Mr. MacKinnon and others who run Canada’s airports are also in talks with the federal government about financial aid. The airports are non-profit and run on the fees charged to airlines, on-site restaurants and other tenants. Some airports have relied on lenders to keep the lights on. In Sydney, the airport is using its capital reserves.

“We’re like a small town,” Mr. MacKinnon said. “We have our own waste treatment and water treatment plant. We have kilometres of roads around here that have to be plowed and maintained on ground side. And then, of course, you have your runway. So it’s not cheap to run an airport all and meet the regulatory standards that you have to maintain.”
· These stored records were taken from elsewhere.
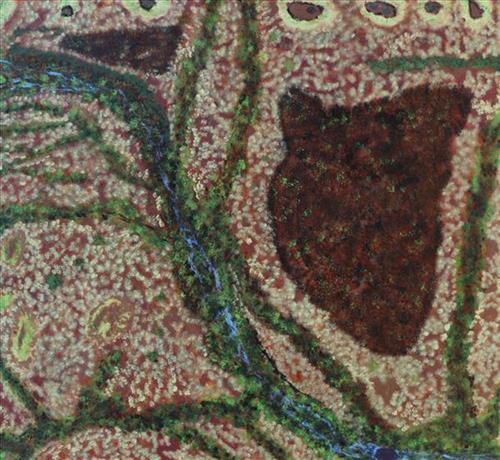 Rodney paints his country from his memory and the images etched in his mind. He carefully maps the landscape out as he remembers it from his childhood. Many of the places he depicts have since been disturbed by mining or have been destroyed by cyclones and the harsh Pilbara weather. His ability to capture the essence of these places on canvas is to be admired. A secret blend of Pilbara earth behind all his works gives them an authentic texture and real colour.
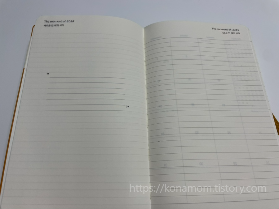 새로운 한해 시작하는 다짐이나 마음도 적어 볼 수 있는 장도 보이고
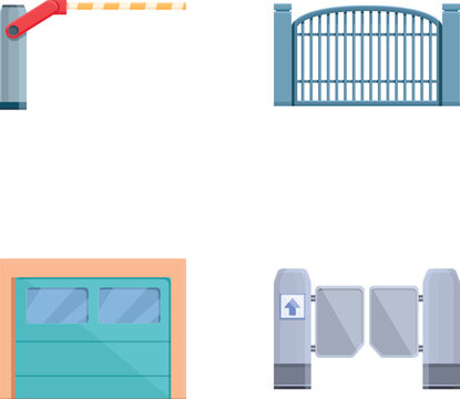 A red and white striped barrier gate in the closed position, with long shadow effect. Concept for access control, entry restriction, or security. Blue background. (flat design)
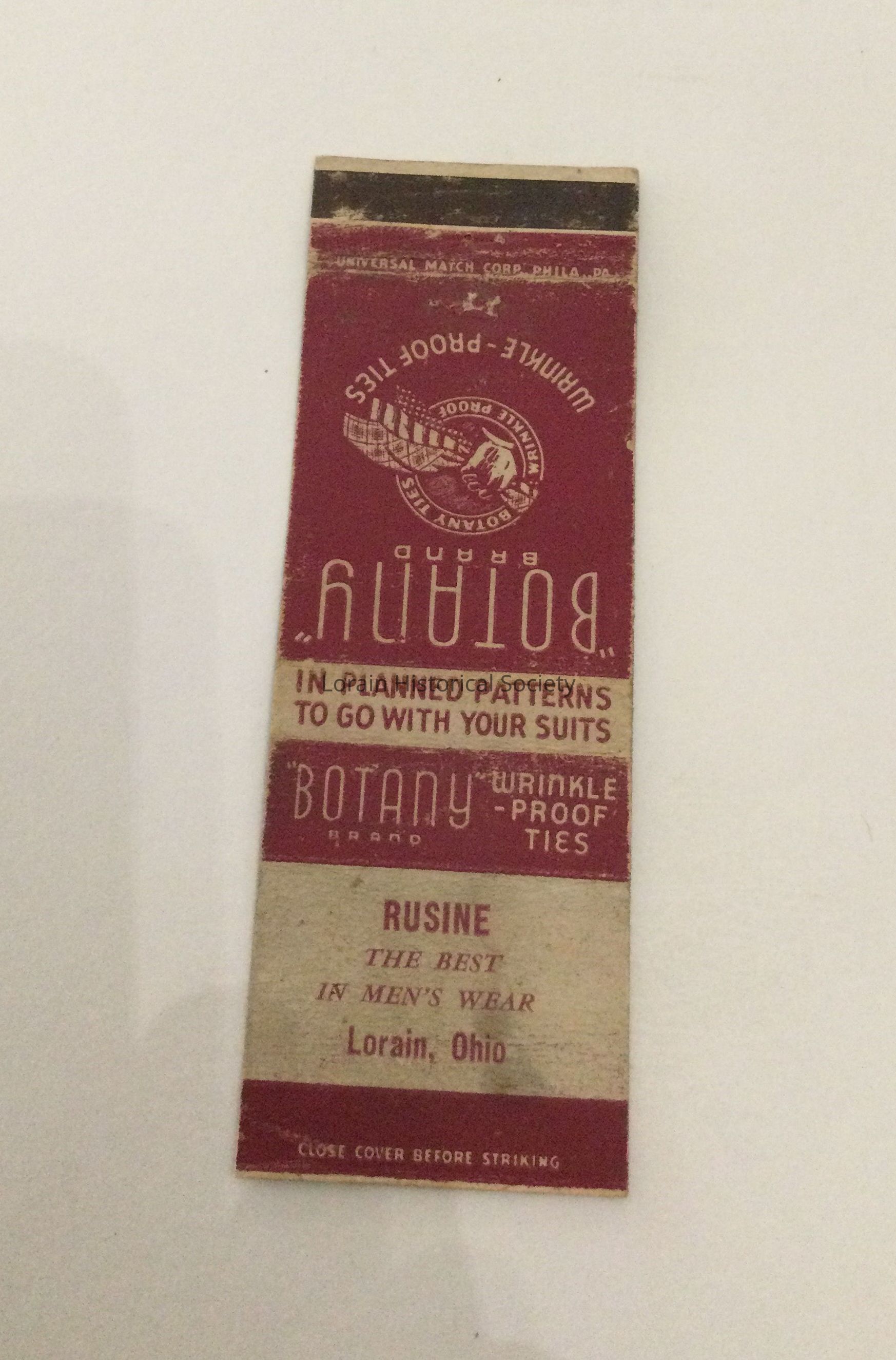 A collection of matchbook covers advertising Lorain, Ohio businesses, social clubs, bars, restaurants, associations from the 1930's through the 1950's.Acquisition
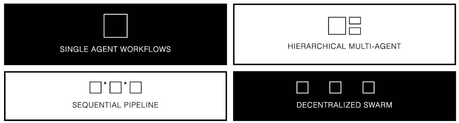 A lot of articles classify architectures by features like retrieval, memory, or tool use. Those features matter, but they are not the core structure. A single agent can use tools, retrieval, and memory. A multi agent system can do the same, with different agents having the same access or different access. For an internal taxonomy, it is often more practical to classify systems by workflow shape and control topology. This guide uses four categories: single agent workflows, hierarchical multi agent workflows, sequential pipeline workflows, and decentralized swarm workflows. Everything else is a capability you can add to any of them.
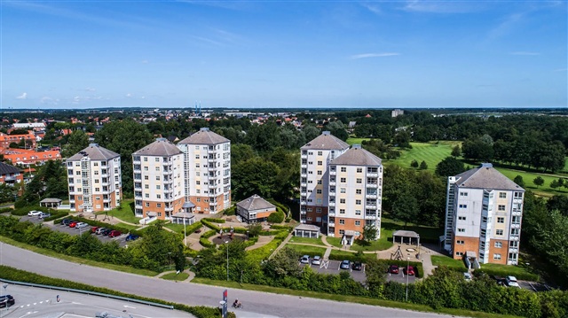 Denne lejlighed byder på rolige omgivelser tæt på naturen og tilbyder samtidig stor komfort. Boligen er lys og rummelig og ligger i umiddelbar nærhed af en golfbane, hvilket skaber en fredelig atmosfære.Indretningen består af en vinkelstue med adgang til en altan, der vender mod syd, hvilket sikrer gode lysforhold. Køkkenet har en glasakarnap og er indrettet med plads til opvaskemaskine. Herudover findes to værelser, begge udstyret med indbyggede skabe, et badeværelse med bruseniche samt plads til vaskesøjle. Entréen er særdeles rummelig og har skabsplads til opbevaring.
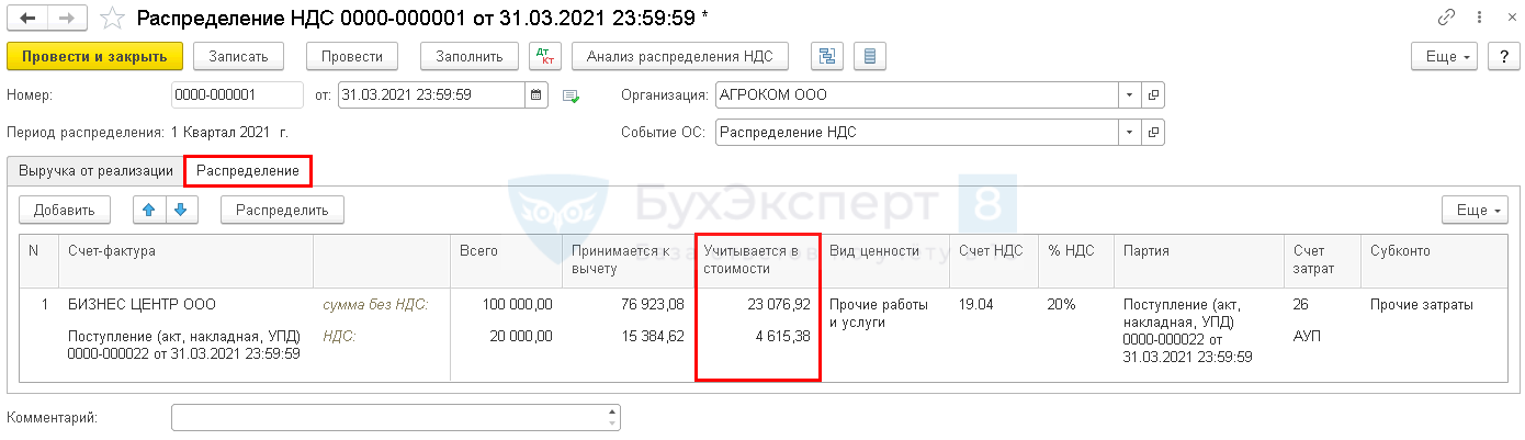По окончании квартала создайте документ Распределение НДС в разделе Операции — Регламентные операции НДС.

The pandemic has already claimed thousands of aviation jobs and one mid-sized airline. Sky Regional Airlines, which flew on behalf of Air Canada to small cities that have lost service and employed about 800 people before the pandemic, is shutting down at the end of March. About 280 Sky Regional pilots – 160 of whom are on layoff – will transfer to Jazz Aviation, another Air Canada contractor, owned by Chorus Aviation. Jazz has already laid off 575 pilots and has 680 on active duty.

Claude Buraglia, chairman of the Jazz chapter at the Air Line Pilots Association, said the laid-off pilots have been unable to keep up their minimum training and are unable to work.

“I mean, it’s been absolutely devastating,” Mr. Buraglia said. “Different provincial [travel] regulations and different travel bubbles have absolutely crippled the airline industry.”

Until vaccines become widespread, the aviation industry says a universally recognized system of passenger testing will allow travel to resume safely. Visiting family and friends – key to regional airports – will be first to resume, followed by holiday and business travel.

Mr. Buraglia, like others, cannot predict when the planes, passengers and jobs will return to the skies. But he’s sure of one thing: The next few years will be better than the last. “I’m optimistic,” he said. “I don’t see how it can be as bad as 2020.”